### GIVEN MATERIAL

★ ★ ★ ★ ★

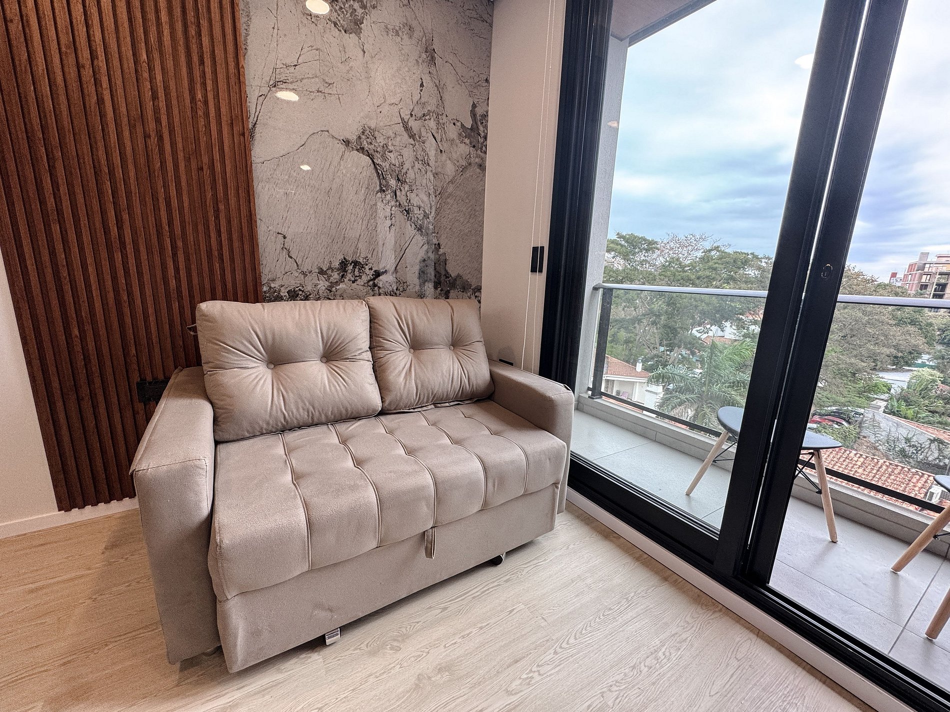 Departamento minimalista y moderno, a pasos del Shopping del Sol y Paseo La Galería. Ideal para quienes buscan diseño y confort. Wi-Fi rápido, piscina, cowork, gimnasio y terraza. A 10 min del aeropuerto. Incluye 20% de descuento en la cafetería del edificio.
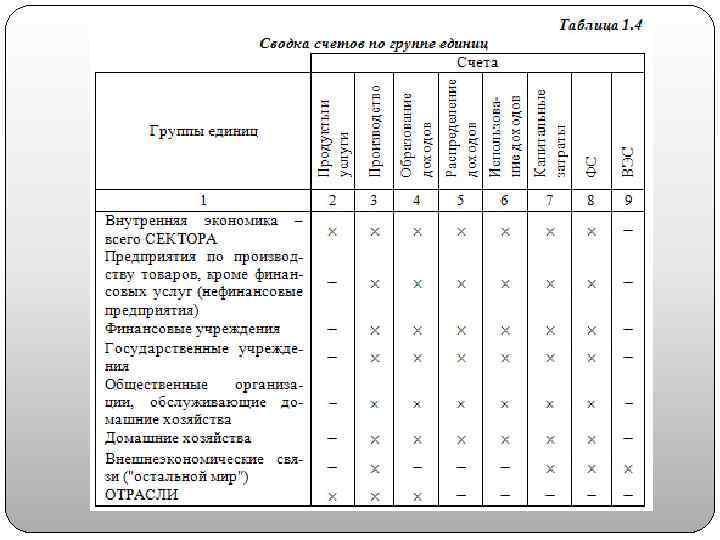Счета 2. 3. Счет перераспределения доходов в натуральной форме 2. 4. Счета использования доходов: 2. 4. 1. Счет использования распола гаемого дохода 2. 4. 2. Счет использования скоррективанного располагаемого дохода 3. Счета накопления 3. 1. Счет операций с капиталом 3. 2. Финансовый счет 3. 3. Счета др. изменений в активах Балансирующая статья ЧРД Валовое сбережение Чистое кредитование (+) / чистое заимствование ( ) Изменения в чистой стоимости капитала, обусловленные прочими изменениями в активах 4. Балансы активов и пассивов 4. 1. Начальный баланс активов и пассивов 4. 2. Изменения в балансе активов и пассивов 4. 3. Заключительный баланс активов и пассивов Чистая стоимость капитала Изменения в чистой стоимости капитала
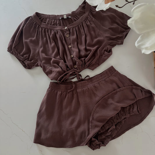 Corduroy Square Neck Puff Sleeve Mini Dress

★ ★ ★ ★ ★

### ASSIGNMENT
Transcribe each line of the material above verbatim, but do not include the images.

### RESULT FOR THIS EXERCISE
 Departamento minimalista y moderno, a pasos del Shopping del Sol y Paseo La Galería. Ideal para quienes buscan diseño y confort. Wi-Fi rápido, piscina, cowork, gimnasio y terraza. A 10 min del aeropuerto. Incluye 20% de descuento en la cafetería del edificio.
Счета 2. 3. Счет перераспределения доходов в натуральной форме 2. 4. Счета использования доходов: 2. 4. 1. Счет использования распола гаемого дохода 2. 4. 2. Счет использования скоррективанного располагаемого дохода 3. Счета накопления 3. 1. Счет операций с капиталом 3. 2. Финансовый счет 3. 3. Счета др. изменений в активах Балансирующая статья ЧРД Валовое сбережение Чистое кредитование (+) / чистое заимствование ( ) Изменения в чистой стоимости капитала, обусловленные прочими изменениями в активах 4. Балансы активов и пассивов 4. 1. Начальный баланс активов и пассивов 4. 2. Изменения в балансе активов и пассивов 4. 3. Заключительный баланс активов и пассивов Чистая стоимость капитала Изменения в чистой стоимости капитала
 Corduroy Square Neck Puff Sleeve Mini Dress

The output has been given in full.